In order to illustrate the change of crystal structure for Sr₃(BO₃)₂, the variations of cell parameters as a function of temperature up to 1350 °C were draw in Figure 7, where a distinct drop was found at 1250 °C. The split of diffraction peaks observed at temperatures above 1250 °C and the significant change of cell parameters at 1250 °C indicating a new crystal phase was formed, which was in accordance with the TG-DTA experimental results. Therefore, the conclusion can be drawn that the endothermic peak in DTA curve observed around 1250 °C should be a reflection of phase transition other than its melting point.

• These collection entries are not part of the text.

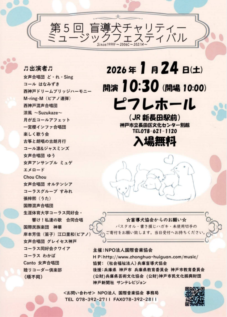 神戸長田のピフレホールで開催される「第5回 盲導犬チャリティー ミュージックフェスティバル」に参加させてもらいます。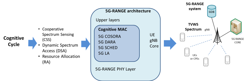 A cognitive media access control (CMAC) that is responsible for the opportunistic spectrum allocation. Different spectrum sensing techniques are integrated with collaborative sensing. The base station is responsible for fusing the spectrum sensing report from all users into a global decision. The 5G-RANGE solution proposes the introduction of the cognition, with the use of Cognitive Cycle integrated into the Medium Access Control layer to implement Cooperative Spectrum Sensing and Dynamic Spectrum Access. The general architecture of the Cognitive MAC layer integrates multiple blocks related with cognition: 5G-COSORA; 5G-DARA; 5G-SCHED; and 5G-LA.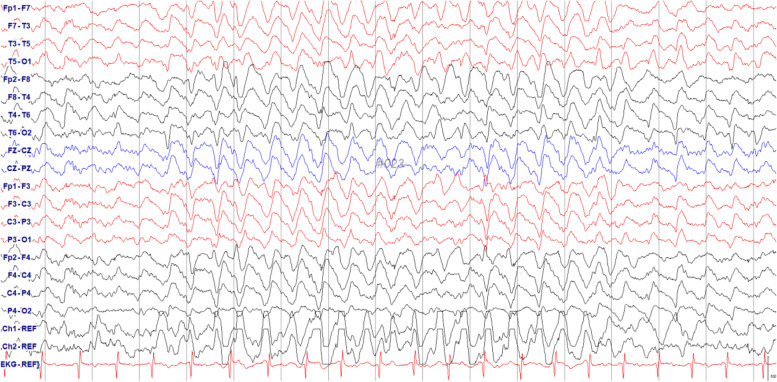 Case presentation: A 39-year-old man underwent liver transplantation for liver cirrhosis due to alcoholic liver disease. The postoperative immunosuppressant consisted of tacrolimus (5 mg) and mycophenolate (500 mg) twice daily. Five months after taking tacrolimus, he presented with talkativeness, which gradually worsened. Brain magnetic resonance imaging performed 10 months after tacrolimus administration revealed a hyperintense lesion affecting the middle of the pontine tegmentum on T2WI. The blood concentration of tacrolimus was 7.2 ng/mL (therapeutic range 5-20 ng/mL). After 21 months, he exhibited postural tremor in both the hands. Twenty-four months after taking tacrolimus, he showed drowsy mentality, intention tremor, and dysdiadochokinesia. Electroencephalography presented generalized high-voltage rhythmic delta waves; therefore, tacrolimus was discontinued in suspicion of tacrolimus-induced neurotoxicity, and anticonvulsive treatment was started. The level of consciousness gradually improved, and the patient was able to walk independently with mild ataxia.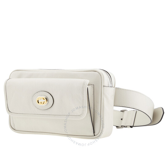 白色皮革雙 G 標誌腰包,非常特別,戴上後可以空出你的雙手,正面設有翻蓋口袋,主隔層則用上拉鍊開合,腰帶可調節長度。

4.4. Raman Spectra Analysis

Figure 8 gives the powder Raman spectra of Sr₃(BO₃)₂ crystal together with the results of Ca₃(BO₃)₂ crystal for comparison. It was noted that the strongest Raman peak for Sr₃(BO₃)₂ crystal (900 cm⁻¹) was located at a similar position with that of Ca₃(BO₃)₂ crystal (927 cm⁻¹), corresponding to the symmetrical stretching vibration of [BO₃]³⁻. The line widths of the strongest peak were obtained and found to be on the order of 5.72 cm⁻¹ and 7.01 cm⁻¹ for Sr₃(BO₃)₂ and Ca₃(BO₃)₂, respectively. On account of the Raman gain coefficient being inversely proportional to the line width [34,35], the Sr₃(BO₃)₂ crystal might possess even larger Raman gain than Ca₃(BO₃)₂ crystal.

5. Conclusions

A new kind of Raman crystal Sr₃(BO₃)₂ was synthesized by solid state reaction method and Cz pulling method. The crystal structure of Sr₃(BO₃)₂ crystal was analyzed by XRPD method and found to possess trigonal symmetry (space group R-3c) similar to Ca₃(BO₃)₂. The structure stability was studied by means of TG/DTA and high temperature XRPD up to 1350 °C, where the Sr₃(BO₃)₂ crystal was found to show a phase transition around 1250 °C, which induced cracking during crystal cooling. Raman properties were studied theoretically and experimentally, where the Sr₃(BO₃)₂ crystal was found to show strong frequency shift at 900 cm⁻¹, comparable to that of Ca₃(BO₃)₂ (927 cm⁻¹). In addition, the line width of the strongest Raman peak of Sr₃(BO₃)₂ (5.72 cm⁻¹) was lower than Ca₃(BO₃)₂ (7.01 cm⁻¹), indicating that Sr₃(BO₃)₂ might possess a larger Raman gain coefficient, which is beneficial for the SRS process.